Informed Consent Key for Implant Procedures
The BSCC consensus statement points out that it is currently unknown whether the removal of breast implants with or without a capsulectomy will prevent the future development of a breast implant-associated cancer. It also says there is a rare subset of patients who have still developed breast implant-associated cancer after capsulectomy.
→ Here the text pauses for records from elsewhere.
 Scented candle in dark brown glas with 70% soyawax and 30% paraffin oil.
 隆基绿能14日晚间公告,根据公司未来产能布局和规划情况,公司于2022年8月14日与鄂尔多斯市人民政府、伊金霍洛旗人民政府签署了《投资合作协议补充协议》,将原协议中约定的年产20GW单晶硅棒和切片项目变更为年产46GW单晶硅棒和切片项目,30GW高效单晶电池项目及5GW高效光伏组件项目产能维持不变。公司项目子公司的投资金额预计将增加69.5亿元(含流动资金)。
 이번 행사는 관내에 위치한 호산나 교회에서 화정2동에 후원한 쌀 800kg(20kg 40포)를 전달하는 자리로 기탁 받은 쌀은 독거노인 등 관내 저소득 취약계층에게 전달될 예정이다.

The BSCC statement adds that patients who decide to undergo a capsulectomy, particularly those with textured implants, must continue standard clinical monitoring and imaging surveillance after that surgery.
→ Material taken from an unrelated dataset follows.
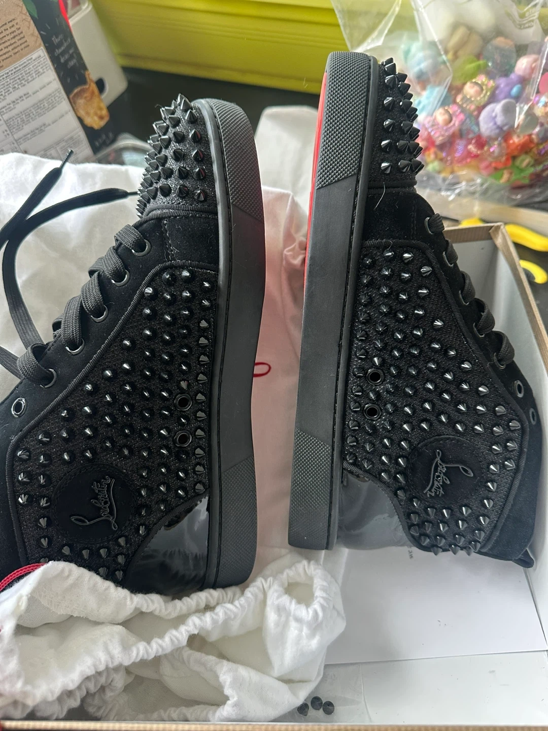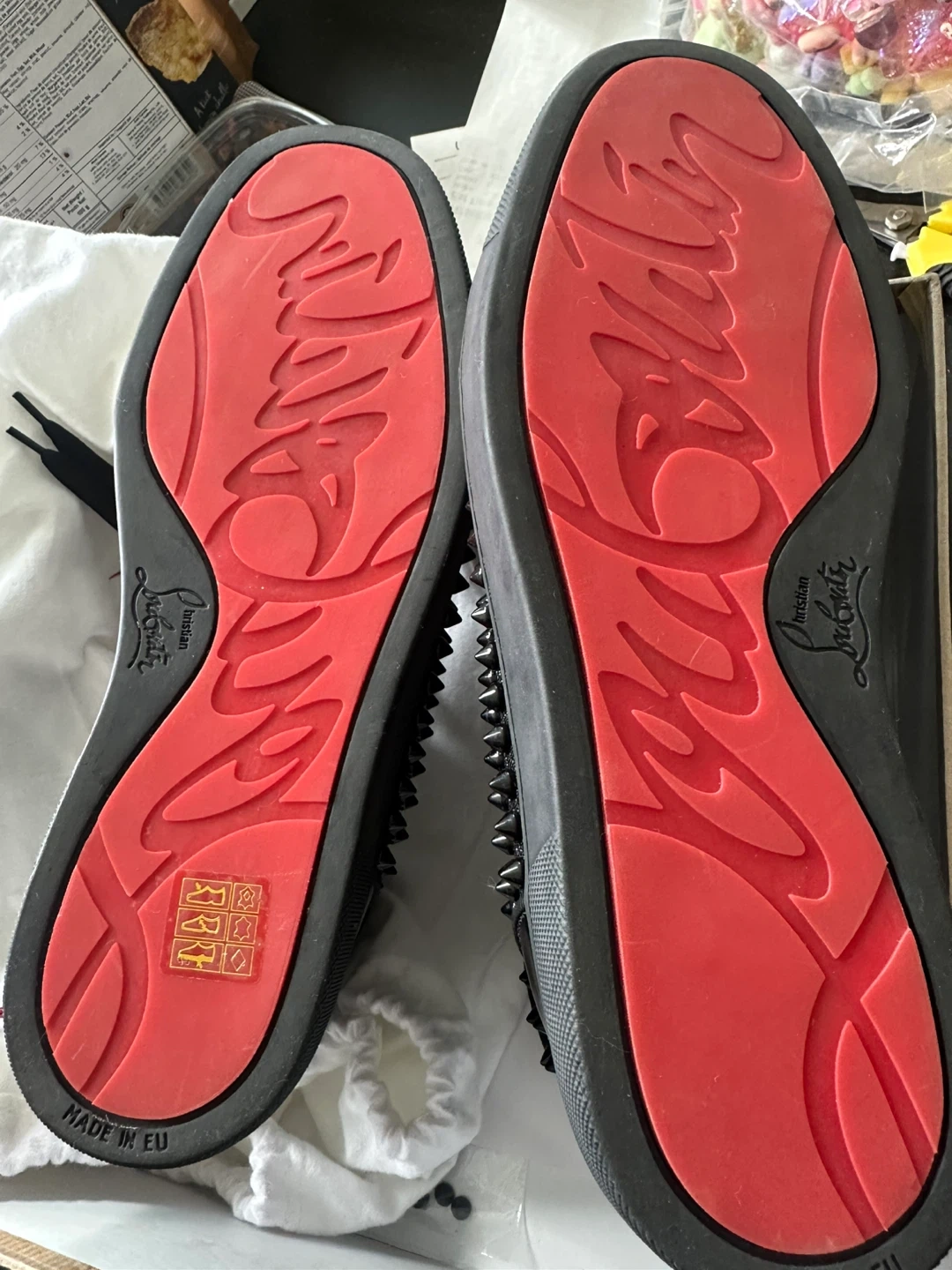These Christian Louboutin sneakers are black with allover spikes. They're size 41.5. Made in EU.

“It’s absolutely vital that patients be made aware of all options and the risks associated with any surgical procedure during the informed consent process,” says William P. Adams Jr., MD, a past president of The Aesthetic Society, The Aesthetic Foundation, and a co-founder of BSCC.
“It is always a patient’s choice to elect to undergo a procedure such as a capsulectomy, provided the risks of such a surgery are clearly understood,” Adams adds. “However, it is our responsibility as plastic surgeons to ensure that patients get the best evidence-based information developed through high-level science, and right now, many patients are being given a lot of misinformation on the internet and social media sites.”
Four Types of Capsulectomy Procedures
The BSCC consensus statement defines four types of capsulectomy:
- Total intact capsulectomy: Complete removal of the breast implant capsule as a single unit.
- Total capsulectomy (total precise capsulectomy): Complete removal of the breast implant capsule, not necessarily done as a single unit or in one piece.
- Partial capsulectomy: Removal of the breast implant capsule where some capsule is left behind.
- En bloc capsulectomy: Removal of the breast implant capsule with a margin of uninvolved tissue for treatment of suspected or established breast implant-associated cancers after appropriate medical workup.
Further, the BSCC consensus statement explicitly states, “The absolute and only indication for an en bloc capsulectomy is for an established or suspected breast implant-associated cancer after appropriate medical workup.”
Shared Decision-Making Essential for Capsulectomy
The BSCC notes that the informed-consent process for patients considering a capsulectomy should be a shared decision-making process with their surgeon, including a discussion of potential benefits and risks. This should include patient concerns regarding systemic symptoms, often referred to as Breast Implant Illness (BII), the risk of breast implant-associated cancers involving the capsule (such as BIA-ALCL, BIA-SCC, etc.), and any potential future risks, especially resulting from textured implants and tissue expanders.
Importantly, the risk of the capsulectomy procedure itself, including the patient’s medical history, must also be weighed against those risks noted.